Task objective —
Reproduce the listing below from the line with "Venkovní černá kamera" to the line with "翼」がいる状態で登場した場合、キャラを2枚まで休息状態にする。 | ||", both lines included, character for character, minus any pictures.

Information shown —
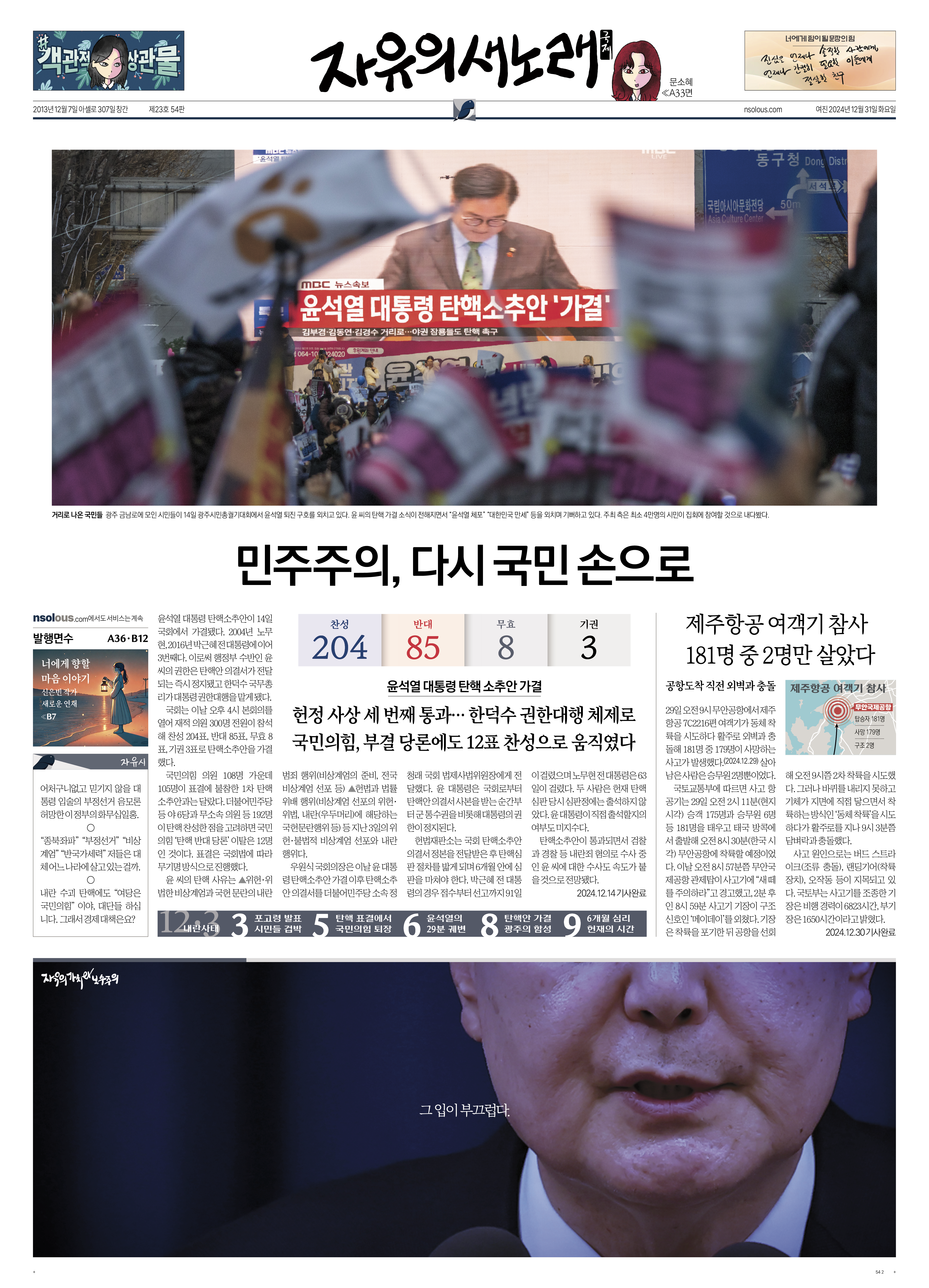 · 민주주의, 다시 국민 손으로 · 제주항공 여객기 참사 181명 중 2명만 살았다 · [자유시] 어처구니없고 믿기지 않을 대통령 입술의 부정선거 음모론 外
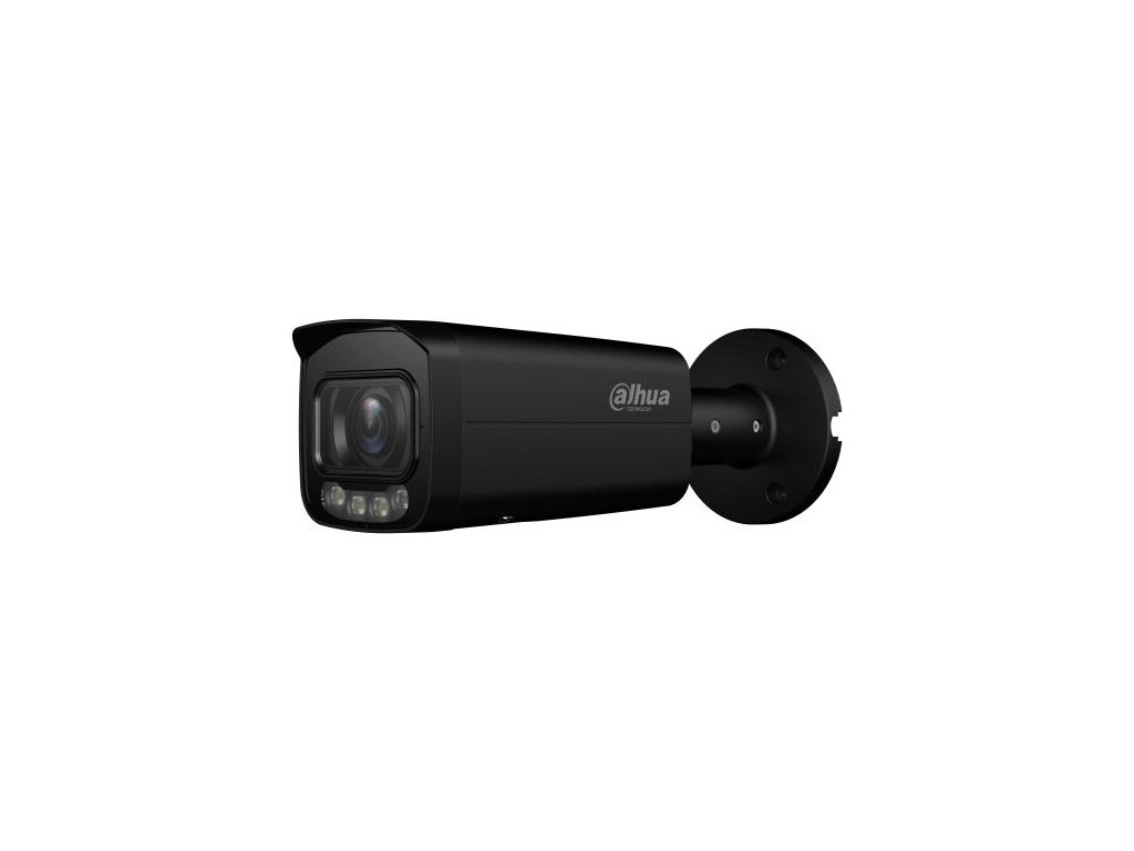 Venkovní černá kamera WizSense snímač Starlight. Chytrá detekce pohybu SMD 4.0, perimetr s kategorizací objektů člověk/vozidlo. AI SSA pro dynamické přizpůsobení obrazu, QuickPick, chytré hledání. 8 Mpix rozlišení, smart IR přísvit 60 m, objektiv 2,7-12 mm (úhel 113°-47°). Slot pro micro SD kartu, audio, mikrofon, alarm I/O. Napájení PoE nebo 12 VDC.
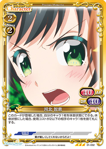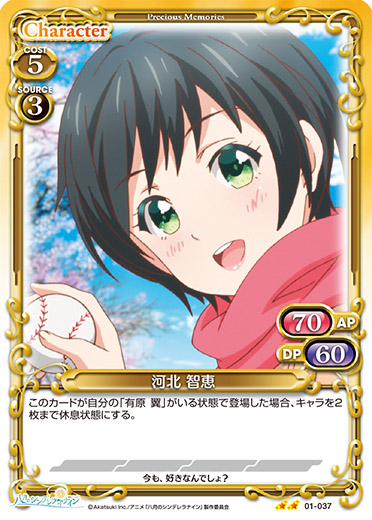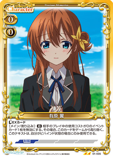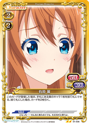 | このカードが自分の「有原 翼」がいる状態で登場した場合、キャラを2枚まで休息状態にする。 | ||
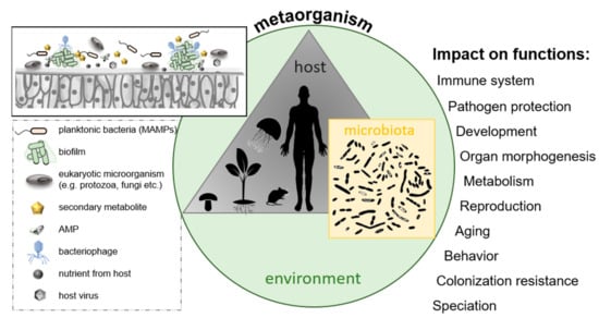 Half a century ago, Lynn Margulis first recognized the importance of bacteria in the evolution of higher organisms [,,,]. In 2007, the term “hologenome” was introduced by Ilana Zilber–Rosenberg and Eugene Rosenberg to describe the sum of the host genome and associated microbial genomes [,,]. This settled the base for a still ongoing paradigm shift in biology. Nowadays, a new conceptual framework—the holobiont/metaorganism concept—is established, considering a holobiont/metaorganism as the sum of a multicellular host and its associated species (as illustrated in Figure 7) []. The holobiont theory considers all associated species irrespective of their type of association (transient or permanent) or their function. The metaorganism concept focuses on the function and contribution (beneficial or detrimental) of the host-associated microbiota in a given environment, which depend on the identity, abundance, and activity of the microbes (in the following, the term “metaorganism” is primarily used) [,,]. The growing awareness that multicellular organisms cannot be considered in isolation but only in the interdependence with their associated microbes led to two important insights. Firstly, the health and fitness of a host appear to be fundamentally multiorganismal, where any disturbance within the complex partnership can have drastic consequences for the members’ health. Secondly, host and microbes intensively interact and coevolve [,,] (as illustrated in Figure 7). Several studies already indicate that a specific host-associated microbiota contributes to host metabolism, development, organ morphogenesis, pathogen protection and immunity, behavior, environmental sensing and adaptation, developmental transitions, and reproduction [,,,,,,,,,,,,,,,] (as illustrated in Figure 7). A specific microbe or consortia function is not static because it depends on the host’s developmental stage, age, reproductive state, or physiological condition [,,]. The vast contribution of the microbiota to the fitness of its host was unraveled mainly in the last decade. Protection against pathogens and provision of essential nutrients were identified as the most general and important contributions of the associated microbiota to the host´s health. In corals, commensal bacteria protect against the bleaching pathogen V. shiloi [] and produce inhibitors to reduce colonization by pathogens on coral mucus []. Several experiments further reported that sterile animals are considerably more sensitive to infection and death following administration of a pathogen than conventional animals, e.g., shown for infection of guinea pigs with Shigella flexneri [], mice with V. cholera [], and rabbits with Bacteroides vulgatus []. Likewise, in humans, the normal microbiota was shown to protect against infection by pathogens in the oral cavity, the intestine, the skin, and the vaginal epithelium [,,,]. Representatives of the genera Pseudomonas, Flavobacteria, and Bacillus can protect plants from phytopathogens through direct interaction with the pathogen or by inducing systemic resistance in plant hosts [,]. In general, microorganisms residing in a plant’s rhizosphere are essential for plant growth promotion, disease suppression, removing toxic compounds, and assimilating nutrients to plants []. Moreover, utilizing such beneficial microbes for crop productivity presents an efficient way to modulate the crop yield and productivity by maintaining the health status and quality of the plants [,,]. The utilization of beneficial microbe-plant interactions is now turning into the standard against the chemical-based and synthetic pesticides and fertilizers in the agriculture industry [,,]. Moreover, the contribution of the microbiota to the nutrition of the hosts is known for many years. For example, chemoautotrophic bacterial symbionts, like sulfur-oxidizing bacteria, synthesize organic matter from CO2 and are the primary source of nutrition for their animal host []. In turn, the host, like clams and mussels, provides its symbionts a habitat, in which they have access to the substrates of chemoautotrophy (O2, CO2, and reduced inorganic compounds such as H2S) []. In humans, the gut microbiota is a complex ecosystem that plays an essential role in the catabolism of dietary fiber, production of vitamins and amino acids, and detoxification of harmful chemicals [,]. In recent years, several studies further demonstrated that the microbiome also contributes to the development of a variety of tissues, functions, and organs [,]. An illustration of bacteria-dependent development can be seen for many green algae, which develop abnormally in the absence of bacteria []. For example, the marine green alga Ulva lactuca loses its typical leafy morphology in axenic culture and develops into pincushion-like colonies. However, these abnormal algal colonies can be restored to their typical morphology by recolonization with appropriate marine bacteria []. Also, gut bacteria were shown to shape the tissues, cells, and molecular profile of the mammalian gastrointestinal immune system during development []. Microbes interact with the host cells through adhesive molecules on their surface, thus promoting interaction with host cell receptors and triggering host responses among those immune responses and metabolic and behavioral reactions []. For instance, first experiments with mice demonstrated that gut microbiota affects the brain and, consequently, behavior []. It is most likely that during evolution, gut microbiota colonization became integrated into the programming of brain development affecting the central nervous system and behavior []. Bacteria communicate with the brain via changing levels of dietary metabolites and hormones []. The gut microbiota can be a key regulator of mood, cognition, pain, and obesity []. Understanding the microbiota–gut–brain axis can give new insights into individual variations in cognition, personality, mood, slee

Written response —
 Venkovní černá kamera WizSense snímač Starlight. Chytrá detekce pohybu SMD 4.0, perimetr s kategorizací objektů člověk/vozidlo. AI SSA pro dynamické přizpůsobení obrazu, QuickPick, chytré hledání. 8 Mpix rozlišení, smart IR přísvit 60 m, objektiv 2,7-12 mm (úhel 113°-47°). Slot pro micro SD kartu, audio, mikrofon, alarm I/O. Napájení PoE nebo 12 VDC.
 | このカードが自分の「有原 翼」がいる状態で登場した場合、キャラを2枚まで休息状態にする。 | ||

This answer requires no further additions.